Fluff and keep warm. This gives you a head start while the turkey cooks.
Whisk the sauce. In a small bowl, stir together soy sauce, water, brown sugar, rice vinegar, sesame oil, and sriracha if using. Set aside.
In a separate cup, mix cornstarch with cold water until smooth.
Sauté aromatics. Heat oil in a large skillet over medium-high. Add onion and the white parts of the green onions. Cook 2–3 minutes until softened.
Add garlic and ginger; cook 30 seconds until fragrant.
Brown the turkey. Add ground turkey, breaking it up with a spatula. Cook 5–7 minutes until no longer pink. Season lightly with salt and pepper if desired.
Drain any excess liquid for a better sear.

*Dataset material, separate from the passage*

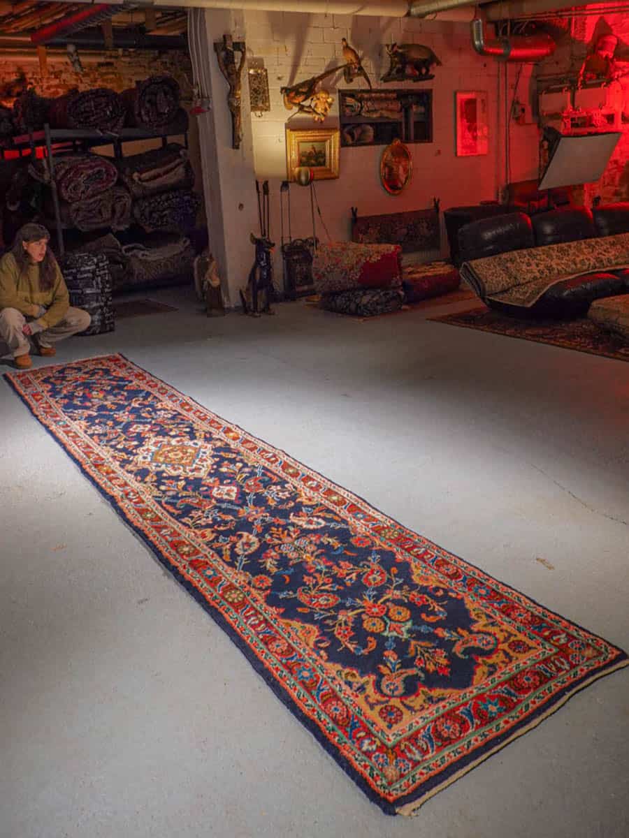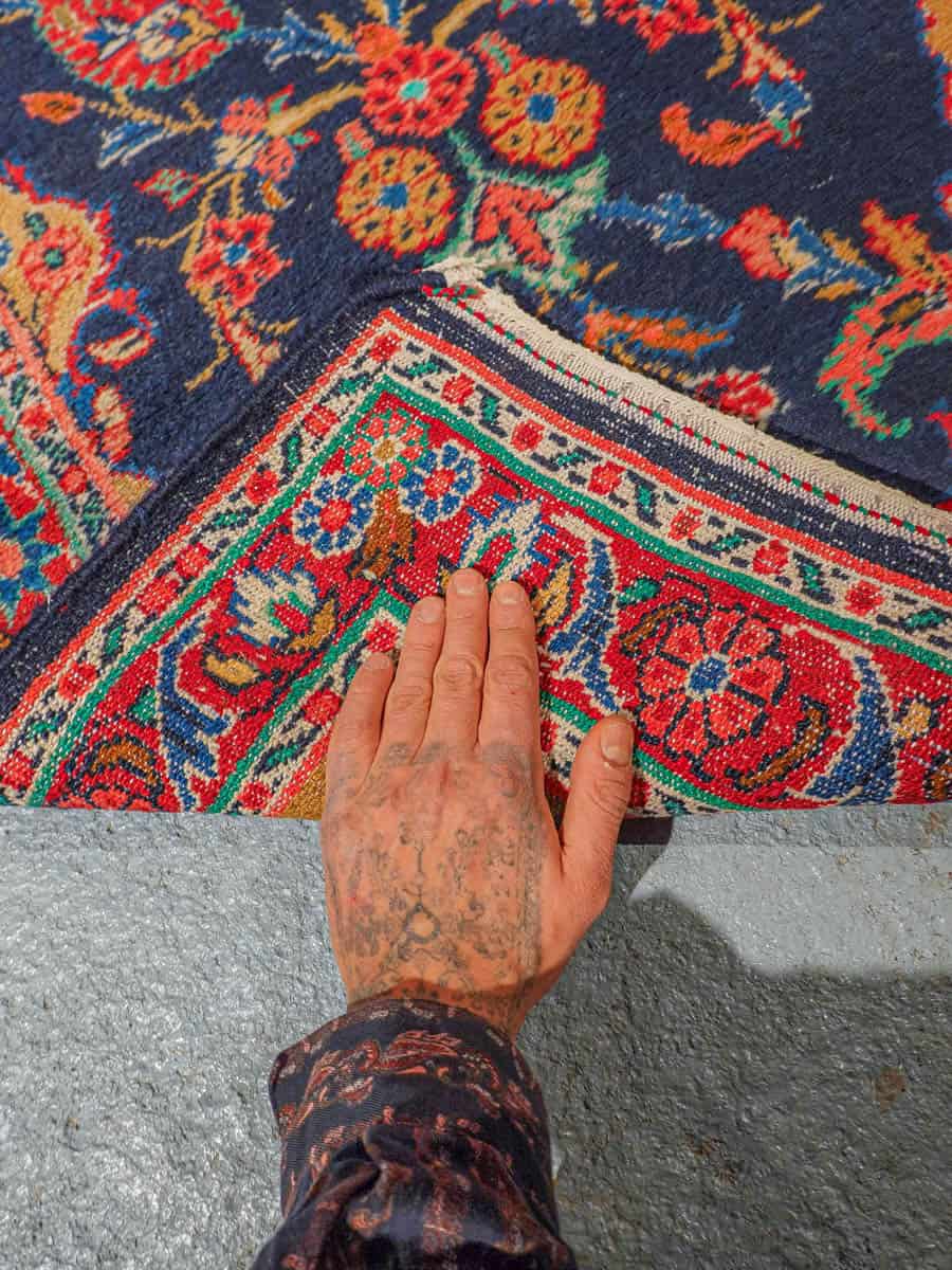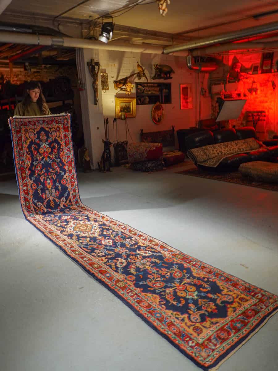 Tämä matto sijaitsee Galleriallamme osoitteessa Kankurinkatu 7, Punavuori – jos haluat tulla katsomaan sitä paikan päälle, sovithan näytön viestitse tai puhelimitse.

Add vegetables. Stir in your mixed veggies. Cook 3–5 minutes until crisp-tender. Softer veggies (like bell peppers) take less time; denser veggies (like broccoli) may need an extra minute and a splash of water.
Pour in the sauce. Give the sauce a quick stir, then pour it into the skillet.
Bring to a gentle simmer.
Thicken. Stir the cornstarch slurry and drizzle it into the pan while stirring. Simmer 1–2 minutes until the sauce turns glossy and clings to the turkey and veggies. If it gets too thick, add a splash of water.
Taste and adjust. Add more soy for saltiness, brown sugar for sweetness, or vinegar for brightness.
Fold in the green onion tops.
Assemble the bowls. Spoon rice into bowls, top with the teriyaki turkey mixture, and sprinkle with sesame seeds. Serve hot.